**Your objective**
Pictures in the material below are to be left out, and only the lines from the line with "This Little Brother" up to and including the line with "驚くのは、海鮮のボリューム種" are to be written out exactly.

**Records to process**

__________

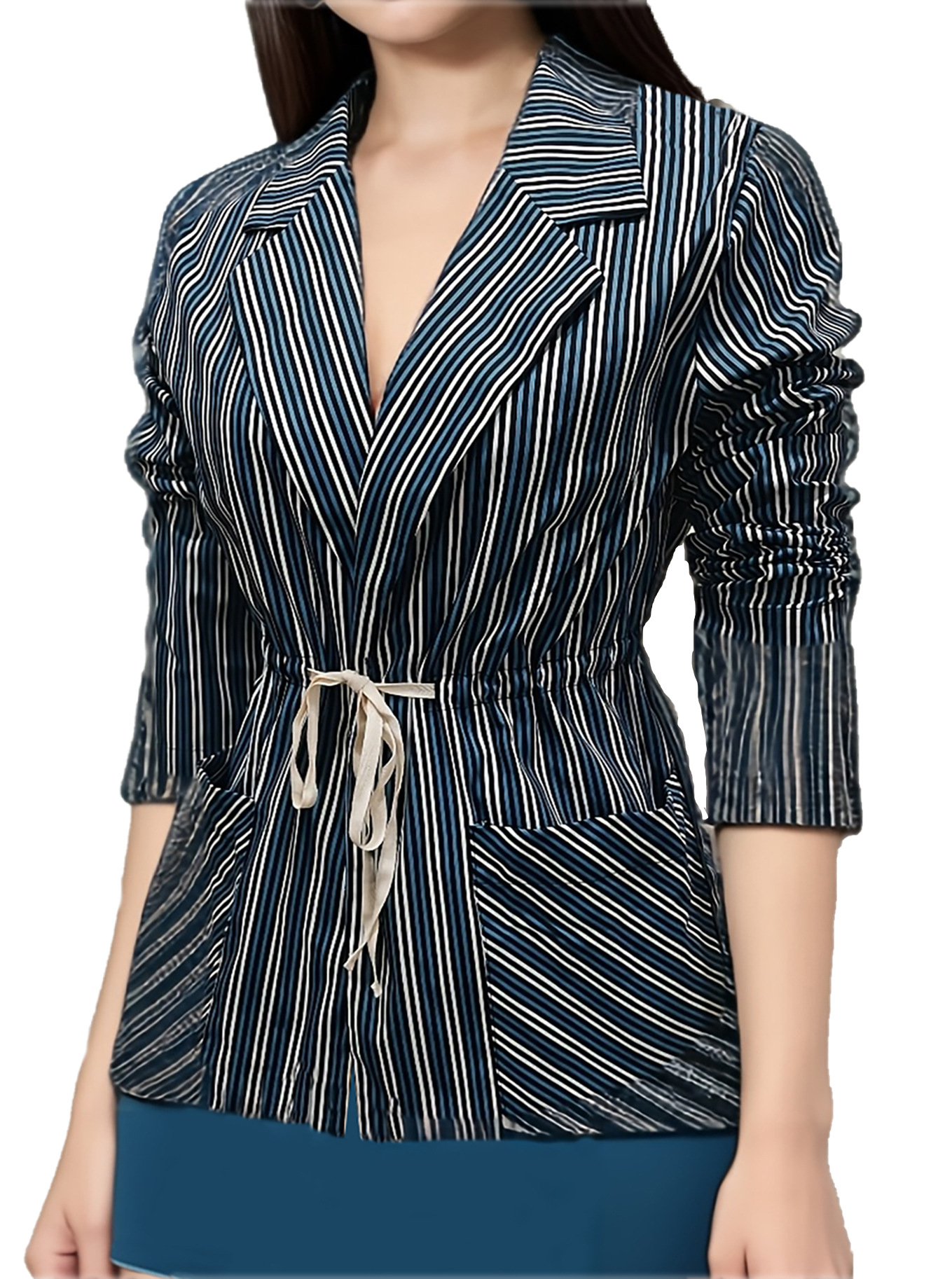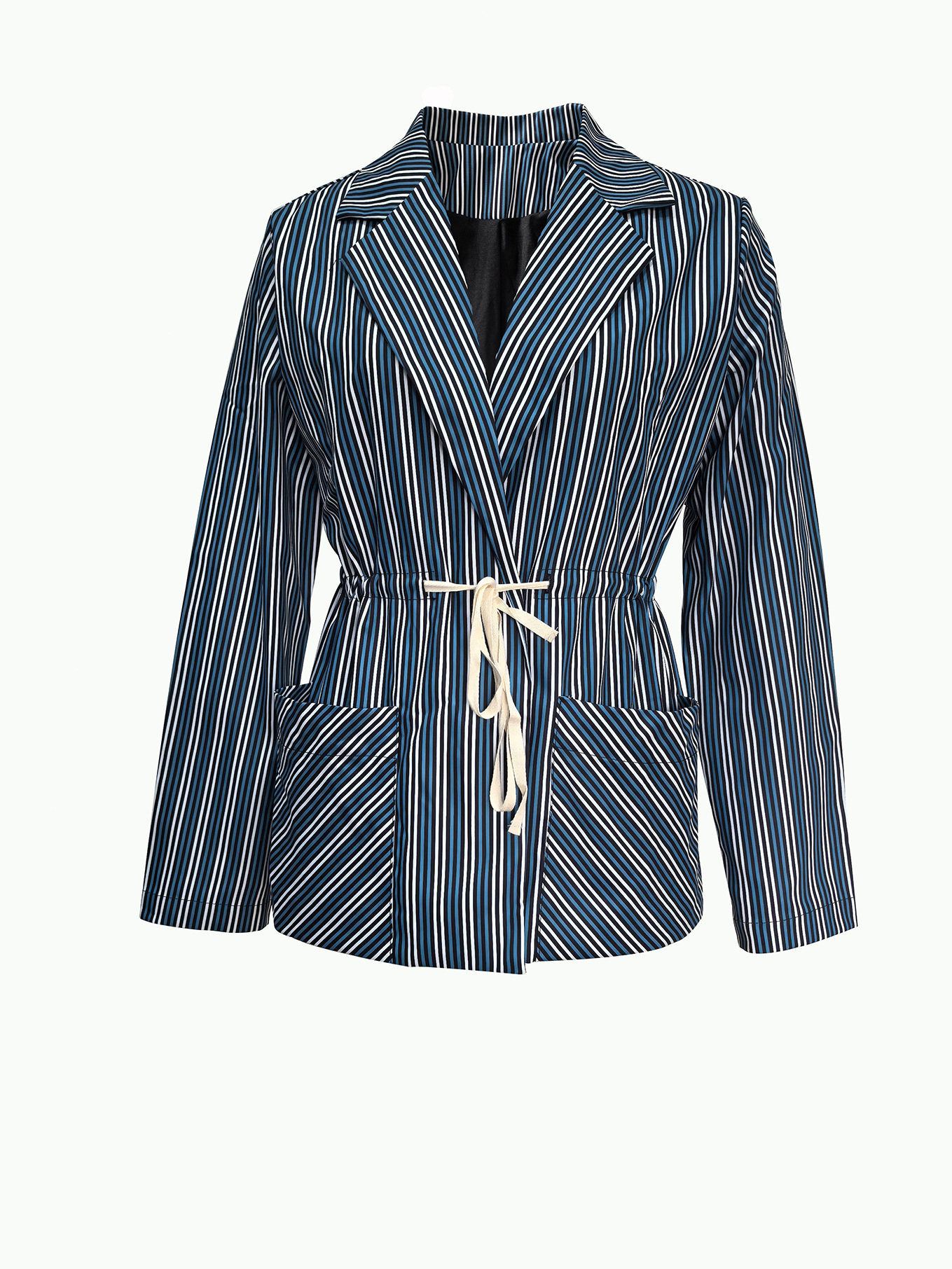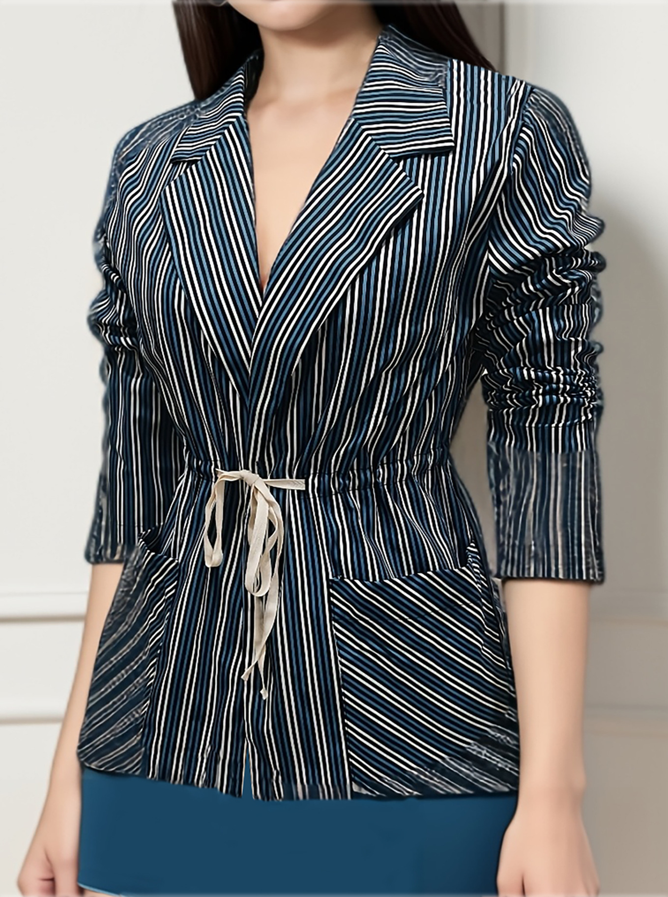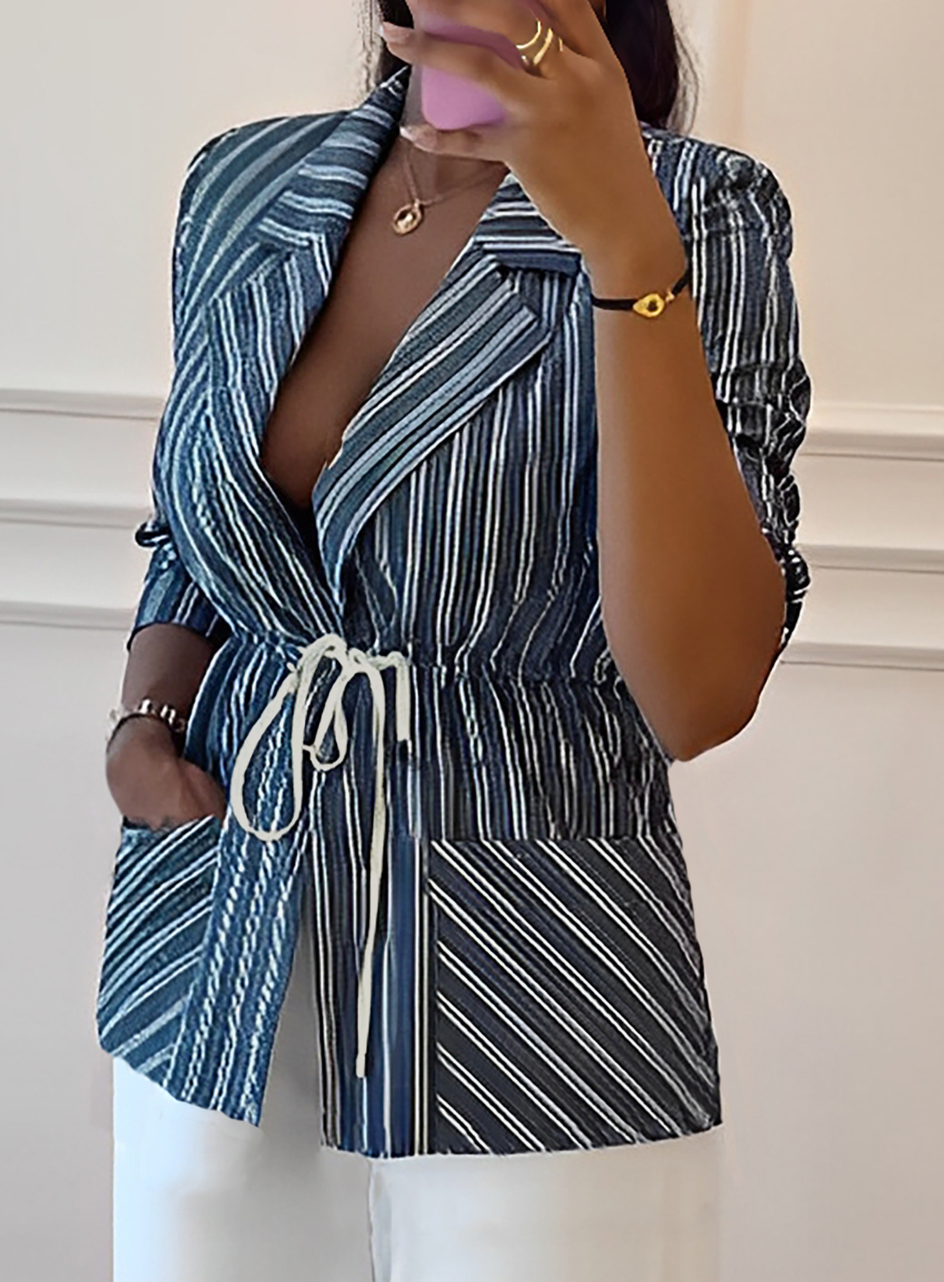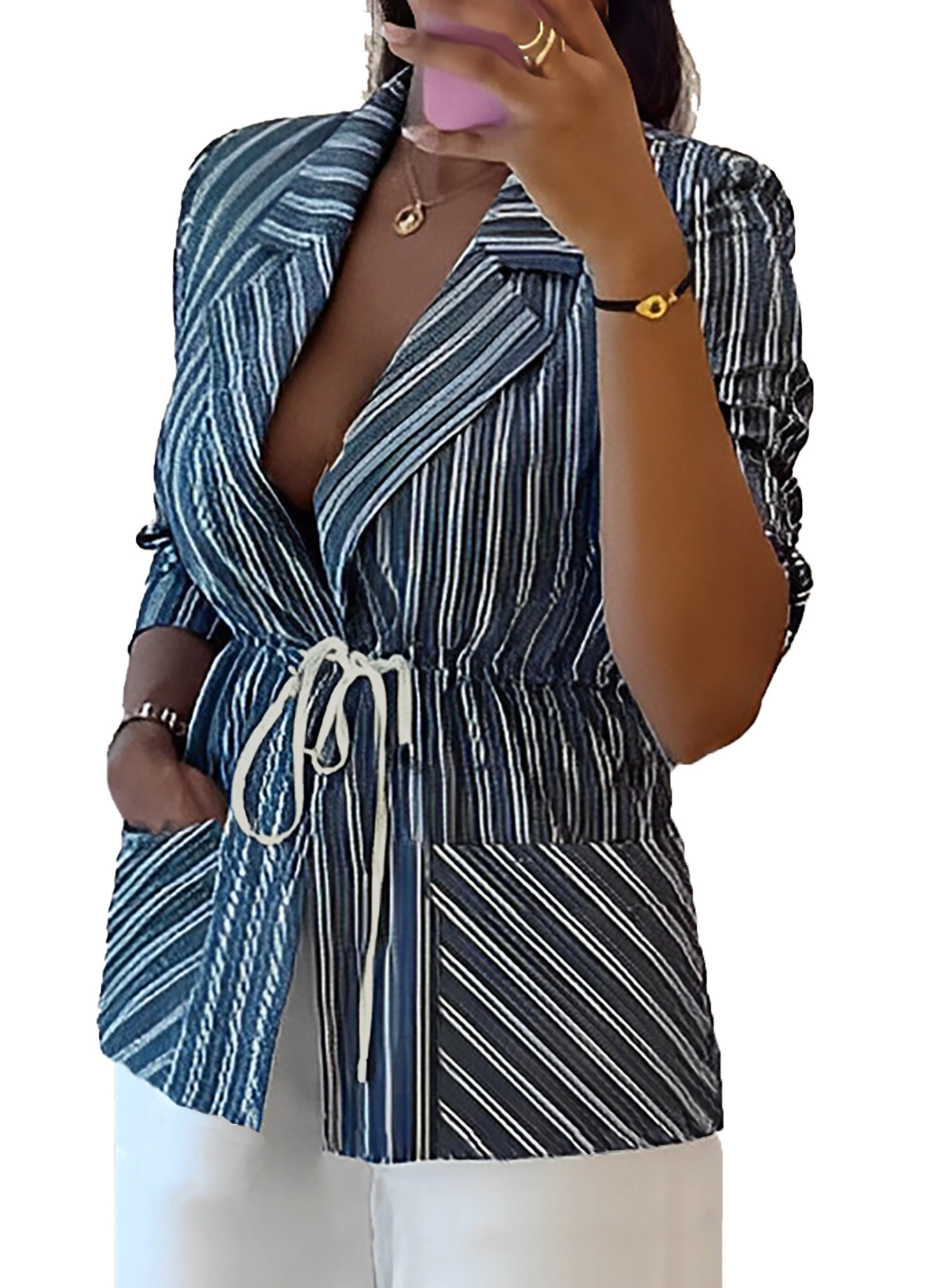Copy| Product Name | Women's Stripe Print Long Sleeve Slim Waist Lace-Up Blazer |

__________

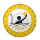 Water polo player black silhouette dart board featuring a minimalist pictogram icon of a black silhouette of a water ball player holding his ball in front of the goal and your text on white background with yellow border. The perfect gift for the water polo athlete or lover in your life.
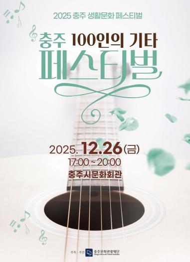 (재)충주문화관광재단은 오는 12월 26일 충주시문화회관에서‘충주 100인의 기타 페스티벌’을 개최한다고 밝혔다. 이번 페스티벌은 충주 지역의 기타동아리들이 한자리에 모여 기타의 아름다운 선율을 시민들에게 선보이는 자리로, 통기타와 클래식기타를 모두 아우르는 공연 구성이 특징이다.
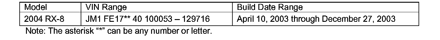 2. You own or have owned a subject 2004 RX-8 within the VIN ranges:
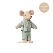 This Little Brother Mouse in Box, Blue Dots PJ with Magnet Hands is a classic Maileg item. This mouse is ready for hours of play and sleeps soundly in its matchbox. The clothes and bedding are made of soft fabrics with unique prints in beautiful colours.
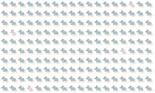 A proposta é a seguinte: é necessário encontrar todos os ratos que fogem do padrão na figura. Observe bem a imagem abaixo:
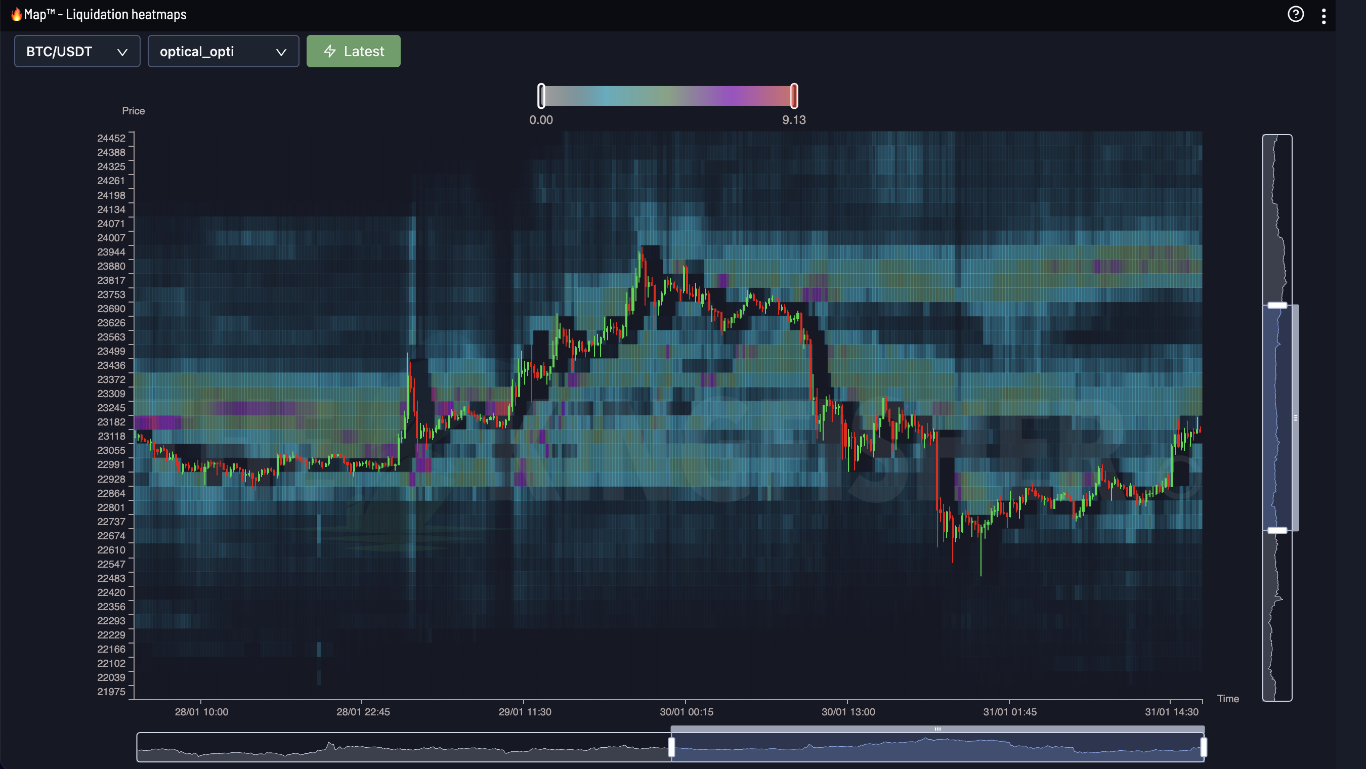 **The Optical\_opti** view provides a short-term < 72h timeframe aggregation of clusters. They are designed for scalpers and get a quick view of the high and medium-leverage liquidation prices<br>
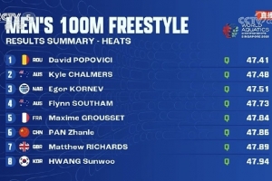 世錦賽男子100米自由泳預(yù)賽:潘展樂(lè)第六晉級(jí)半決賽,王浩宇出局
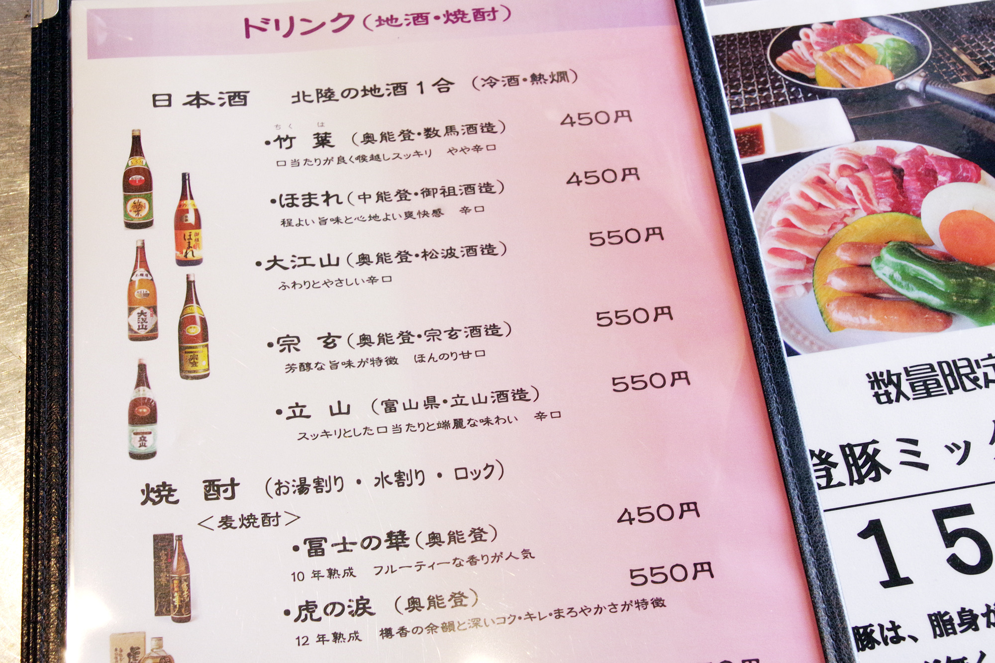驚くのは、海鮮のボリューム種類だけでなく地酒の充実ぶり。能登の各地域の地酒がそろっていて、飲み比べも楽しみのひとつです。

__________

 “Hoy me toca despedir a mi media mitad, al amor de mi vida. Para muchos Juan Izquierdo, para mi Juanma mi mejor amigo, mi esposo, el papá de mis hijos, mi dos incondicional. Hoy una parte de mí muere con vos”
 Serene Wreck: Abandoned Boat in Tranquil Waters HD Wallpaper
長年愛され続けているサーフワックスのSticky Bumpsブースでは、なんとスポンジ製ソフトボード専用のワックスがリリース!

__________

**Solution to the problem**
 This Little Brother Mouse in Box, Blue Dots PJ with Magnet Hands is a classic Maileg item. This mouse is ready for hours of play and sleeps soundly in its matchbox. The clothes and bedding are made of soft fabrics with unique prints in beautiful colours.
 A proposta é a seguinte: é necessário encontrar todos os ratos que fogem do padrão na figura. Observe bem a imagem abaixo:
 **The Optical\_opti** view provides a short-term < 72h timeframe aggregation of clusters. They are designed for scalpers and get a quick view of the high and medium-leverage liquidation prices<br>
 世錦賽男子100米自由泳預(yù)賽:潘展樂(lè)第六晉級(jí)半決賽,王浩宇出局
驚くのは、海鮮のボリューム種類だけでなく地酒の充実ぶり。能登の各地域の地酒がそろっていて、飲み比べも楽しみのひとつです。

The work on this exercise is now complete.